Later when Linda asks where Danny has disappeared to Roger tells her he must have run off, but will probably wander back in a few days. We must assume that Linda is still in a little shock here as who would something like let that slide? A mentally handicapped boy, who she considers a member of the family, has just run off and you don’t insist your husband notify the authorities?
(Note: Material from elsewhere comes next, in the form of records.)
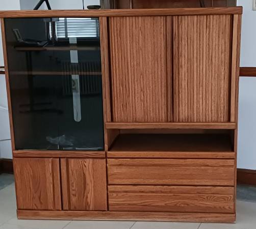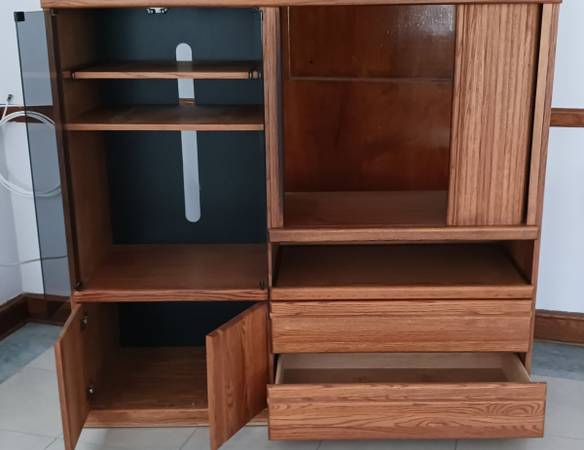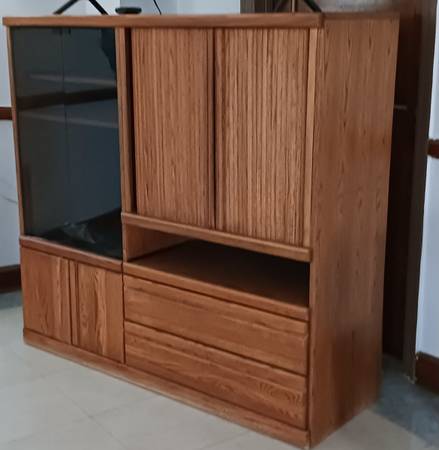 Width: 4' 7" Height: 4' 4" Depth: 1' 6" 2 compartments with doors 1 compartment with sliding door 2 drawers Needs to move to a good home soon
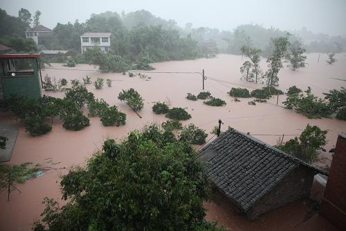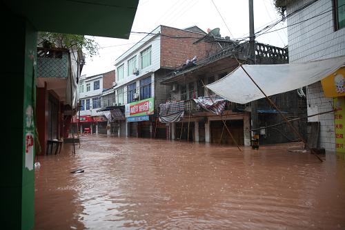 6月3日拍摄的被雨水浸没的江安县四面山镇。6月2日晚,四川省宜宾市江安县四面山镇遭受暴雨袭击,大量积水造成当地交通受阻,部分街道被淹。目前,抢险救援工作正在进行中。新华社发 庄歌尔 摄
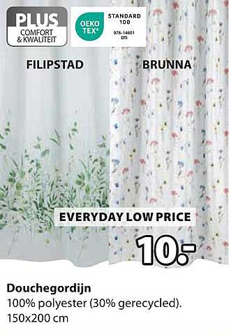 Vergeleken met de gemiddelde prijs van douchegordijnen in de markt, is €10 een onweerstaanbare aanbieding! Normaal gesproken vind je vergelijkbare producten voor een hogere prijs, maar bij Jysk krijg je nu de kans om met dit product te besparen. Dit zorgt ervoor dat je zonder twijfel de juiste keuze maakt voor zowel je portemonnee als je badkamer.
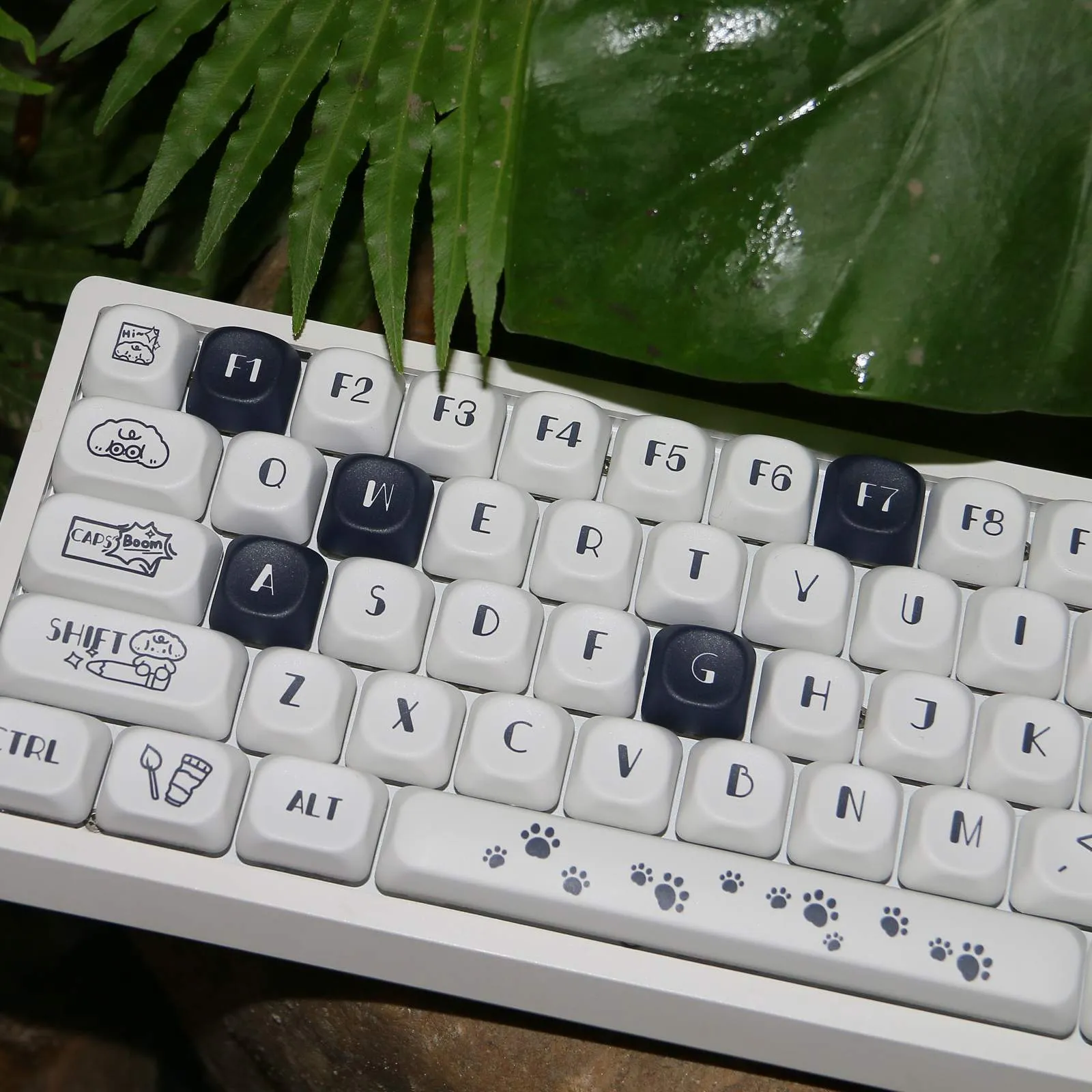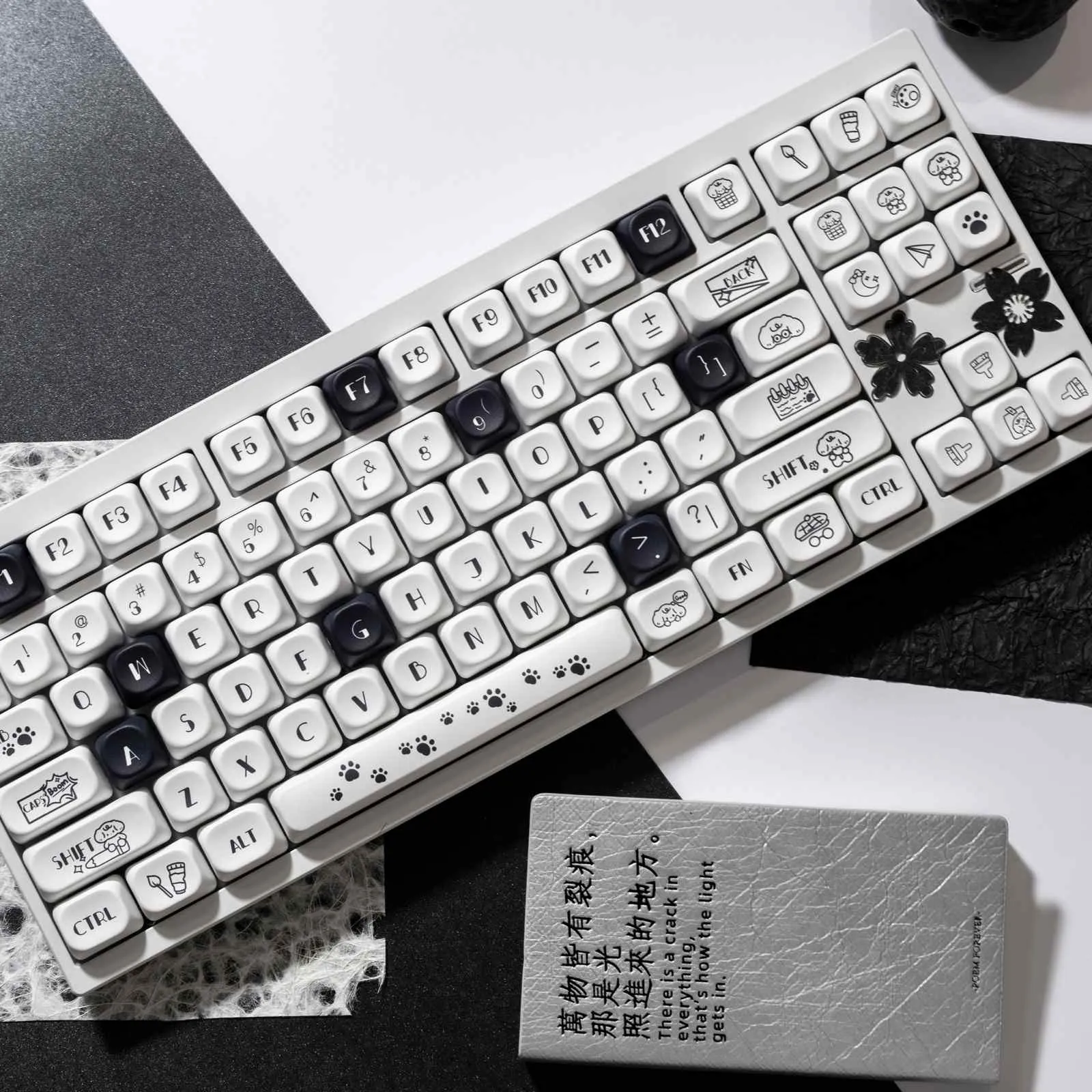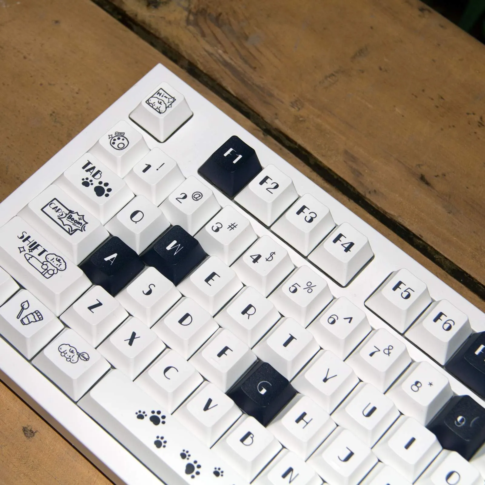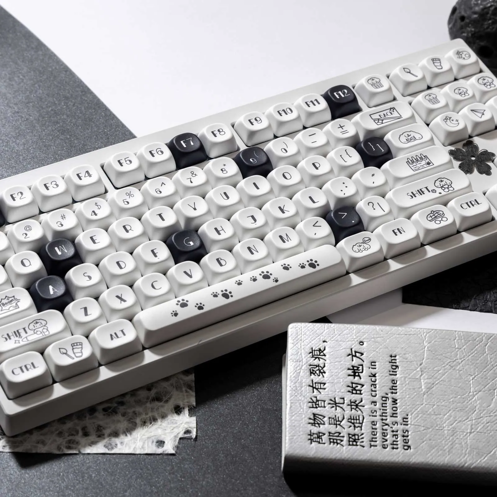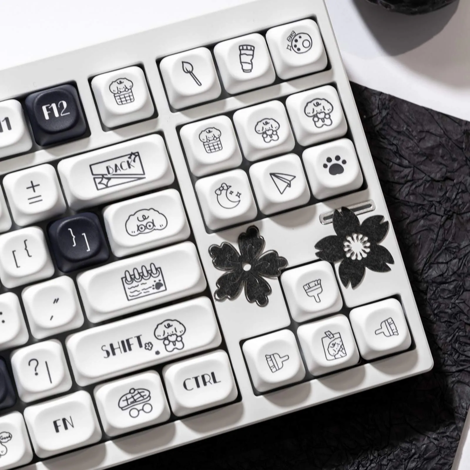 Announcing the Little Dog Comics Series Keycap Set which is a fun addition for both keyboard fans and dog lovers! Select between the contemporary QX3 Keycap Set and the vintage OEM Keycap Set. Both have a modern white base with eye-catching black keycaps that stand out. Each keycap adds personality to your setup with its own font style and black lettering. Adorable dog images can even be seen on some keycaps. Such as the ESC key has a particularly lovely design. The whimsical motif is further enhanced by the humorous design of the space key which features a dog paw image. These keycaps which are made of sturdy PBT material. That guarantee longevity and enhance your typing experience!
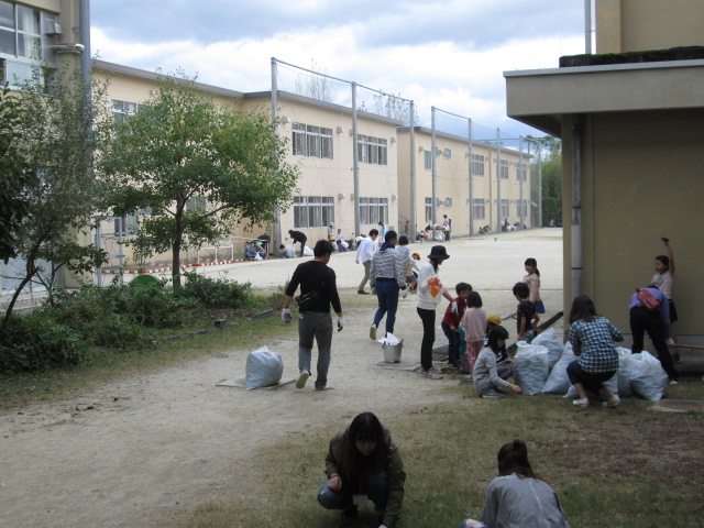 4時間目には、保護者のみなさまにもご協力をいただき、校内の美化作業を行いました。天候が心配されましたが、無事に外の掃除も実施することができました。
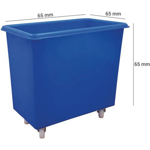 | Varenavn | Mobil beholder til tung last – lengde 850 mm – 200 I, Volum: 200 L, Totalhøyde: 785 mm, Totalbredde: 495 mm |
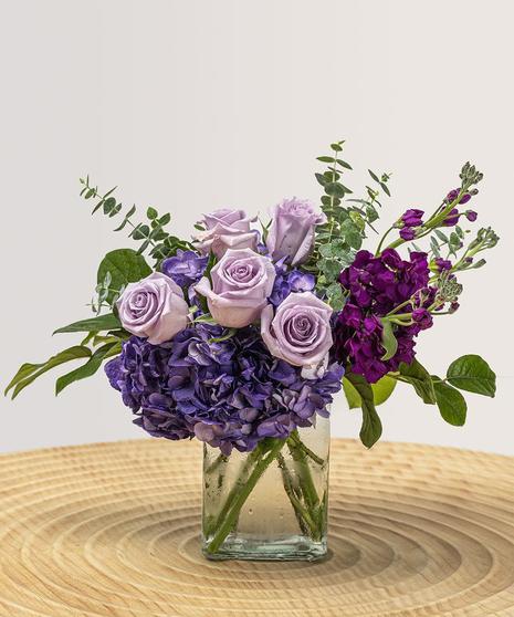 Send a stunning tribute of Aquarius energy right to their door today! Known for their vibrant spirit and affinity for networking, Aquarius benefits from the calming purple hues of our Amethyst Flower Arrangement. Celebrate the unique qualities of the Aquarius Water Bearer with this beautiful floral display for birthdays, anniversaries, or any time of year. Gemstones like Amethyst are not reserved for only people born at a certain time of the year. Anyone who possesses this flower arrangement will enjoy the soothing energy of Amethyst, but is most beneficial to those who are born between January 20th and February 19th due to their high-energy nature. Our Amethyst arrangement is ideal for bringing balance and mental clarity to anyone’s life! Same-day and Next-day local flower delivery is usually available.

Then again her decision making process did result in her marrying the type of man who would graft a psychotic murderer onto the body of a super strong half-wit, so maybe she just isn’t all that bright. Of course Cass/Danny breaks free of the leather straps holding them to the table, and this is just in time for a curious Linda to decide to take a peek into the lab. She sees the two-headed atrocity and faints, but before Cass can rape Linda with Danny’s body Max and Roger show up and manage to chase off the two-headed abomination. When Linda awakes she immediately wants to notify the authorities, but Roger can’t let that happen so he drugs her and ties her up in bed.

vlcsnap-2016-04-02-00h47m52s942Okay, Roger is not a mad scientist; he’s clearly just an asshole.

Meanwhile Rogers’s Frankenstein creation goes on a killing spree, because Danny’s feeble mind cannot dominate the stronger will of homicidal Cass. They kill a couple at Lover’s Lane and a trio of bikers by the river, but when they start feeling the need for painkillers they return to the Girard home looking for drugs. Ken repeatedly shows up at the Girard home, but he;s basically useless, and is eventually forced to help Max and Roger hunt down their escaped monster. While they are off wandering the hills hunting their medical mistake they lock Linda inside a cage in the lab, and where she is later abducted from by Cass/Danny. Just exactly how does Roger think this is going to affect his marriage? Even if they manage to capture Cass/Danny does he expect Linda to keep quiet about all this? I’m sure during the divorce hearing someone is going to mention Roger turning a mentally handicapped man-child into a monster.

vlcsnap-2016-04-02-00h55m38s610“Tell me about the rabbits, George.”

The Incredible 2-Headed Transplant is supposed to be a Frankenstein type movie, but it fails on just about every level. Colin Clive’s Henry Frankenstein was a sympathetic character, he may have been a tad obsessed, but you could understand where he was coming from. That his assistant grabbed an abnormal brain was an unforeseen incident, something he couldn’t plan for, but Roger in this film graphs the head of a notorious killer to the body of an emotionally and mentally stunted giant. How could this not go fucking wrong?


The biggest failing in this film is the tone, it takes itself way to seriously for such a moronic premise. The following year MGM put out The Thing With Two Heads, and it knew exactly which part of the cheek to place its tongue. Bruce Dern is horribly miscast and every time Casey Kasem opens his mouth I expect him to list Americas Top 40. Director Anthony M. Lanza never really gives us a chance to sympathize Danny’s plight and so when we get that tragic ending we really don’t care. The special make-up effects for the monster consists mostly of actor Albert Cole standing behind his larger co-star, and peeking his head over his shoulder. This is a film that’s enjoyment hinges greatly on the amount of alcohol one partakes, or if you’ve managed to avoid the whole thing by making out in the backseat.

Trivia Note: Bruce Dern was never paid for his role in the film, he was issued a check for $1,700 during filming but when he went to the bank to cash his check the check bounced.  He returned to the set on the next day scheduled for filming to find that the set had already been shut down.